Ann Glover, the chief marketing officer of ING U.S., blitzed the media this week to publicize the fact the firm is officially phasing in its new identity as Voya Financial this spring, with completion of the process set for September 2014.
The voyage to Voya was announced a year ago, but effecting the change took a while. On April 7, Glover said, the ING U.S. holding company will be officially rebranded as Voya Financial. The investment management and employee benefits business will become Voya on May 1, and the insurance and retirement businesses will rebrand in September.
Where did the name Voya come from? “We loved the idea of an abstract name,” she told RIJ during one of her half-hour telephone stops. “Voya is about the voyage to and through retirement. It’s about transitioning from detailed planning to detailed action.” About the name’s slightly Spanish flavor, Glover said: “We know that there’s a growing ethnic population, but that wasn’t a key criteria.”
For a fact sheet on ING US/Voya Financial businesses, click here.
The rebranding of ING U.S. is a ripple effect of the 2008 financial crisis. The unit’s parent, Amsterdam-based financial conglomerate ING Group NV, was forced to divest its U.S. assets to reduce risk and shore up capital after receiving a bailout from the Dutch government. ING Group’s stake in Voya has been dropping, and now stands at 43%, a Voya Financial spokesman said.
“You want to establish criteria” when you pick a name, Glover said. “We wanted a name that was easy to spell and to say.” “Voya” was an early contender. It survived a legal and aesthetic winnowing process that started with about 5,200 names, some of them computer generated, and then came down to 25 semi-finalists and a half-dozen finalists. “It just kept winning.”
A desire for continuity as well as differentiation influenced the tailoring of the new brand. Although the ING U.S. name and the orange lion rampant image (which comes from the Dutch royal House of Orange-Nassau; one of Princeton University’s school colors and the name of Nassau Hall have the same source) will vanish, the orange color will stay, although in a slightly different shade.
“Orange signals our optimism,” Glover told RIJ. “We asked employees, partners and consumer what they thought our brand stood for, and we found that it was important that we are seen as optimistic.”
Voya has abandoned the “What’s your number?” advertising theme, which ING U.S. made famous. That campaign encouraged Americans to focus on the dollar amount (a figure, usually over $1 million, that included the present value of their Social Security benefits).
“We have moved from the ‘Your Number’ campaign to an ‘Orange Money’ campaign,” Glover said. “We introduced orange money at the beginning of 2013. Orange money is the money you save; green money is the money you spend.”
To maintain consumer awareness of the company during the transition, Voya is partnering with NBC, Glover said. “We’re sponsoring segments of the Today Show called ‘Today’s Money.’ Consumer tweet their questions about finance to Matt Lauer, and he and one of the show’s financial consultants work to answer them.
“We help out by promoting the answers via social media.

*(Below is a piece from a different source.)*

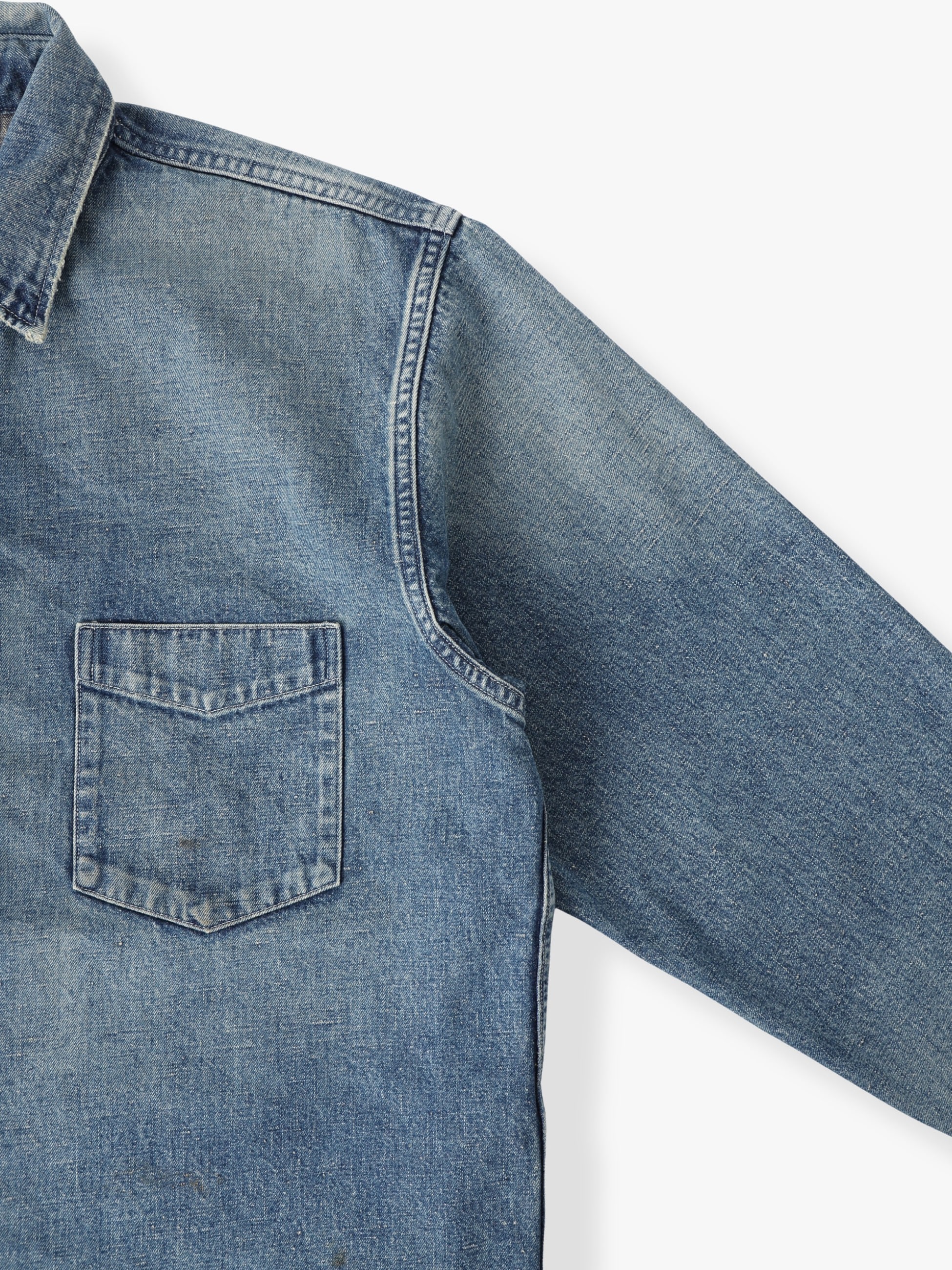 - 8オンスのデニム生地を使用したシャツは、あたりの付きづらい細部まで施したダート加工によるヴィンテージのような風合いが特徴です。また、優れた耐久性と経年変化を楽しめる生地も魅力のひとつ。程よく肉感のある生地とゆったりとしたフィットは、様々な時季で活躍する一着です。

We also have branding on the Today Show set. There’s a piggybank image with the words Today’s Money, and the ING US logo is part of that,” she said. That ad, and a half-dozen ING US ads on the Today Show website, push two concepts: “Orange Money” and the fact that ING US is becoming Voya Financial.
It’s not as if ING US hasn’t been through rebrandings before, Glover said. In 2000, ING Group acquired ReliaStar and Aetna Financial Services, and changed their names to ING US. In 2008, the company bought CitiStreet, and overnight became one of the largest retirement plan providers in the U.S.
“We’ve been operating as ING for over ten years,” she added. “Think about the number of companies we assimilated during that time. We had to rebrand each of those companies. So we have often reminded ourselves that we know how to do this.”